Package for Non-Parametric Multivariate Discrete Distributions

I’m looking for a package that implements tools for working with non-parametric multivariate discrete distributions. Ideally, this would look something like a Multivariate version of DiscreteNonParametric in Distributions.jl. I’m sure this wouldn’t be a big lift to implement, but I don’t want to reinvent the wheel if it’s already been done.
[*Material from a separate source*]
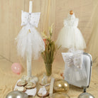 An all-white complete baptism package for your little one, with pom pom accents and stardust!
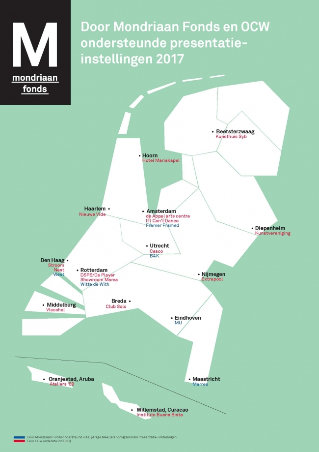 De presentatie-instellingen die nu een bijdrage krijgen zijn: Ateliers’89 (Oranjestad, Aruba), de Appel arts centre (Amsterdam), DSPS/De Player (Rotterdam en verschillende locaties), Hotel Mariakapel (Hoorn), If I Can’t Dance, I Don’t Want To Be Part Of Your Revolution (Amsterdam en verschillende (inter)nationale locaties), Instituto Buena Bista (Willemstad, Curaçao), Kunsthuis SYB (Beetsterzwaag), Nest (Den Haag), Nieuwe Vide (Haarlem), Showroom MAMA (Rotterdam), Stroom (Den Haag), Vleeshal (Middelburg).

If it is just for sampling, Distributions.jl contains utilities to build product distributions. However, I’m not sure they necessarily support parameter fitting

Unfortunately every joint distribution can’t just be represented as a product.

E.g.

using LinearAlgebra
a = normalize(rand(3,4), 1)
a1 = sum(a, dims=1)
a2 = sum(a, dims=2)
anew = a2 * a1
anew ≈ a  #false

In this case anew is a valid joint distribution equal to the product of the marginals of a, but it is not equal to a.

1 Like

What kind of representation do you need? If you don’t mind an “extended” representation (as in, every tuple has its own probability mass and we disregard the connections between said masses), you can always encode all your tuples as integers, even though it’s a hassle.
On the other hand, if you want a “compact” representation, where the dependencies between probability masses are accounted for (typically this would make sense for your example above), you may want to look for libraries to handle probabilistic graphical models.